→ **Material for this exercise**
┄┄┄┄┄┄┄┄┄┄

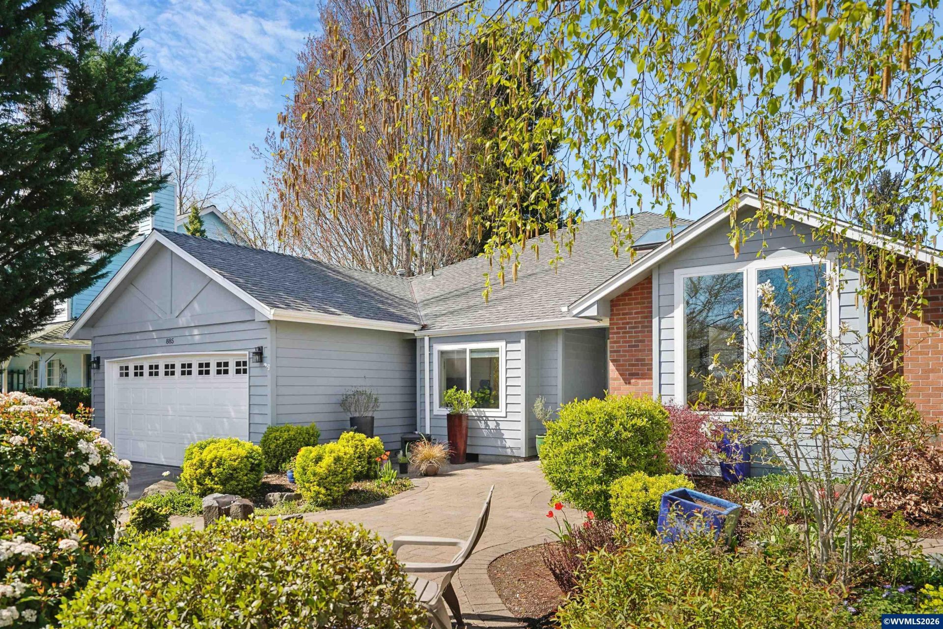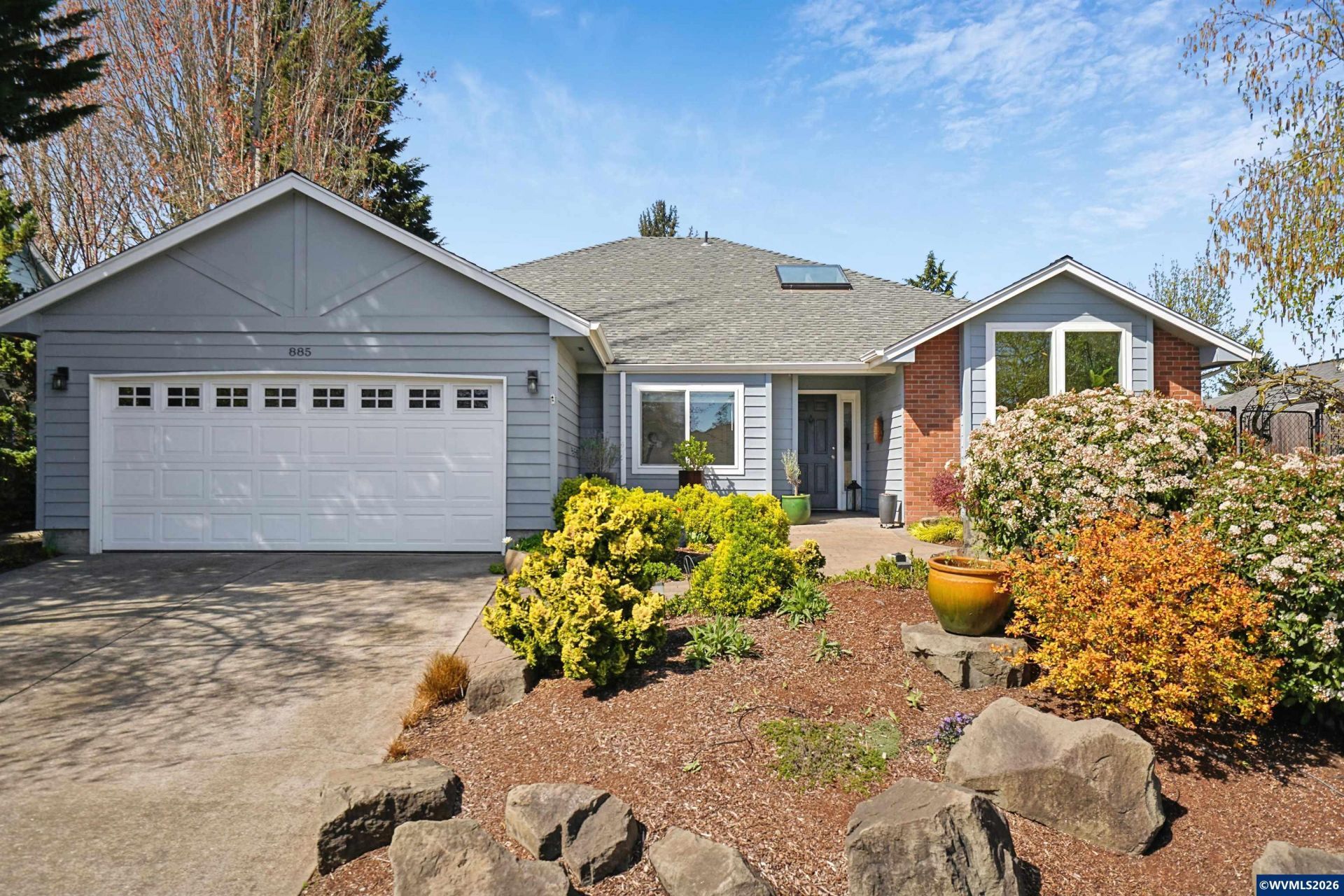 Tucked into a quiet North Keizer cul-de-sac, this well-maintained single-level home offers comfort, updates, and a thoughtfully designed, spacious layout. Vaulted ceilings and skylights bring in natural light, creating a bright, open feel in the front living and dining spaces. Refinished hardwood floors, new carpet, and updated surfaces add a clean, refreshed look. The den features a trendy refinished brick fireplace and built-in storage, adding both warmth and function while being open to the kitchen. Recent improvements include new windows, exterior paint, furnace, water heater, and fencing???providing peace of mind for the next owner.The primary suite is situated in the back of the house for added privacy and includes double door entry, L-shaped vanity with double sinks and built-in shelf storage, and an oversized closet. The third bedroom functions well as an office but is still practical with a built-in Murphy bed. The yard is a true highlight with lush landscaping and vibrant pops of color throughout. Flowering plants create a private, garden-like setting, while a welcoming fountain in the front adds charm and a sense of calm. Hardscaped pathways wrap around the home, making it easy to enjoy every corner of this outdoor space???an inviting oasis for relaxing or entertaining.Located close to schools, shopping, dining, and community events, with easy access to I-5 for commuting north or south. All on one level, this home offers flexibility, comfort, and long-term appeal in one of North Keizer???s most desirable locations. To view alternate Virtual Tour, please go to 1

┄┄┄┄┄┄┄┄┄┄

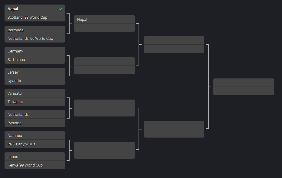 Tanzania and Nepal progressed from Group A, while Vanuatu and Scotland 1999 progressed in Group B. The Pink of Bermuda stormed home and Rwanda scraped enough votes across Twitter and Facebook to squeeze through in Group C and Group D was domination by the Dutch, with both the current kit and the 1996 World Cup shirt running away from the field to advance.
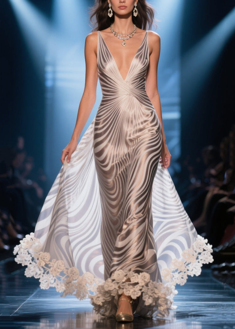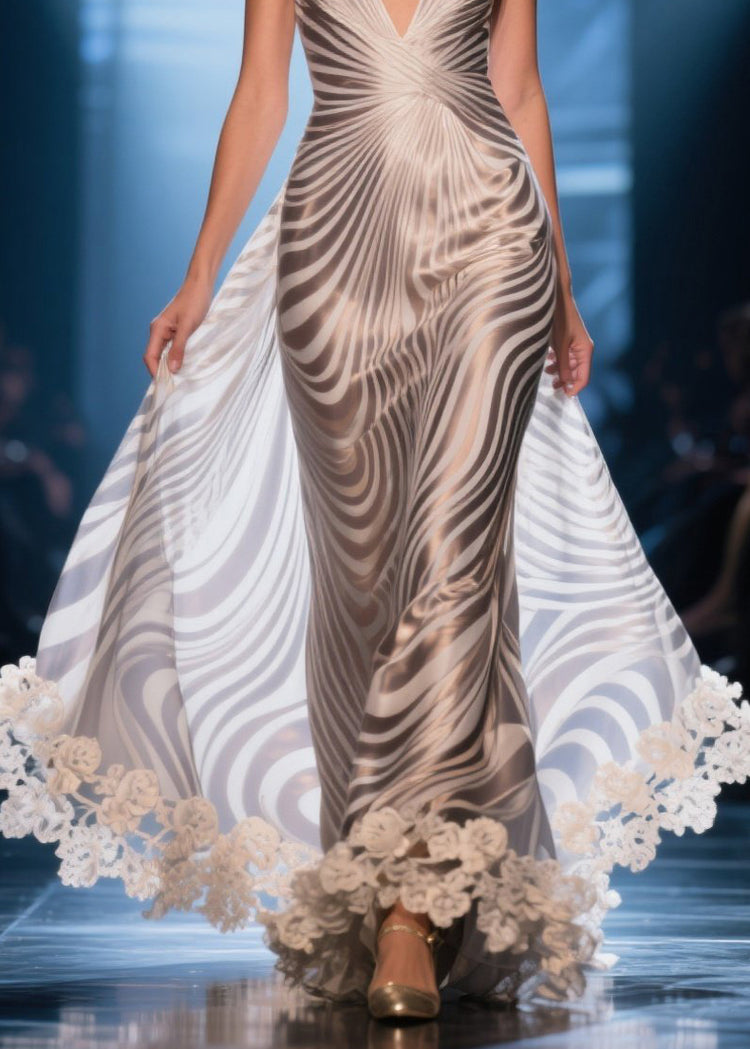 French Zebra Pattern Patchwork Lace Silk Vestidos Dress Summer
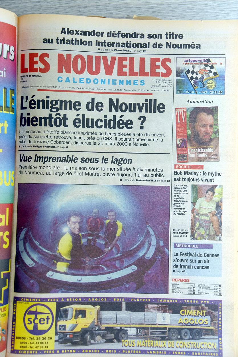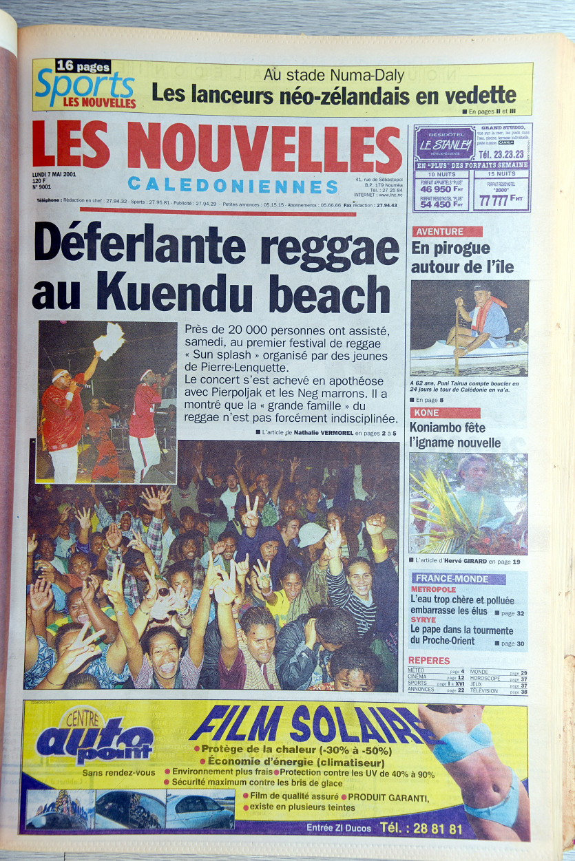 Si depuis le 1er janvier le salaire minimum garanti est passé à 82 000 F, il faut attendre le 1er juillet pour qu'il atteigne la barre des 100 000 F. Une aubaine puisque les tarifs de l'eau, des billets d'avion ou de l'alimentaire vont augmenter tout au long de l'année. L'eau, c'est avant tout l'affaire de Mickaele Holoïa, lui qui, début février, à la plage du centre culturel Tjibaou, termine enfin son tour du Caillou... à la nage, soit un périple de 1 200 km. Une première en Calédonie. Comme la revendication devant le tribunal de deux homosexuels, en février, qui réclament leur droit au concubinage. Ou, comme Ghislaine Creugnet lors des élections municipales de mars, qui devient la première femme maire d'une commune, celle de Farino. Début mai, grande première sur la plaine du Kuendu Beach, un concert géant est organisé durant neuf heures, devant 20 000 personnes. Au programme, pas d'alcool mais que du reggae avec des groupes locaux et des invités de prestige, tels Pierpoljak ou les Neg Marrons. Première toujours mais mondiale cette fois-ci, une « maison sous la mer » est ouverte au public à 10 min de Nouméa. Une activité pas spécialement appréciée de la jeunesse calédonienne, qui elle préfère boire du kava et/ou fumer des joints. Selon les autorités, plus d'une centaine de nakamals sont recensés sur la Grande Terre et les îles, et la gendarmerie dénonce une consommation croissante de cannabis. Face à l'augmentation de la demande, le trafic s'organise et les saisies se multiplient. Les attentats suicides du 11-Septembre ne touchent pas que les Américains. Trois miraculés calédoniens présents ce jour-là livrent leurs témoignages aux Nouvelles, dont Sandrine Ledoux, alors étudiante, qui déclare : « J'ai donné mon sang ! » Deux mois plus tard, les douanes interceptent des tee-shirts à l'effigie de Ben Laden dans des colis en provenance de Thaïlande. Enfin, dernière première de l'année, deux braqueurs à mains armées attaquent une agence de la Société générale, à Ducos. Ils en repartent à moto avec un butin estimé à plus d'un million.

┄┄┄┄┄┄┄┄┄┄

→ **Exercise aim**
The copy should hold exactly the lines above from the one with "Tanzania and Nepal" through the one with "French Zebra Pattern", both ends counted, and no pictures at all.

→ **Task result**
 Tanzania and Nepal progressed from Group A, while Vanuatu and Scotland 1999 progressed in Group B. The Pink of Bermuda stormed home and Rwanda scraped enough votes across Twitter and Facebook to squeeze through in Group C and Group D was domination by the Dutch, with both the current kit and the 1996 World Cup shirt running away from the field to advance.
 French Zebra Pattern Patchwork Lace Silk Vestidos Dress Summer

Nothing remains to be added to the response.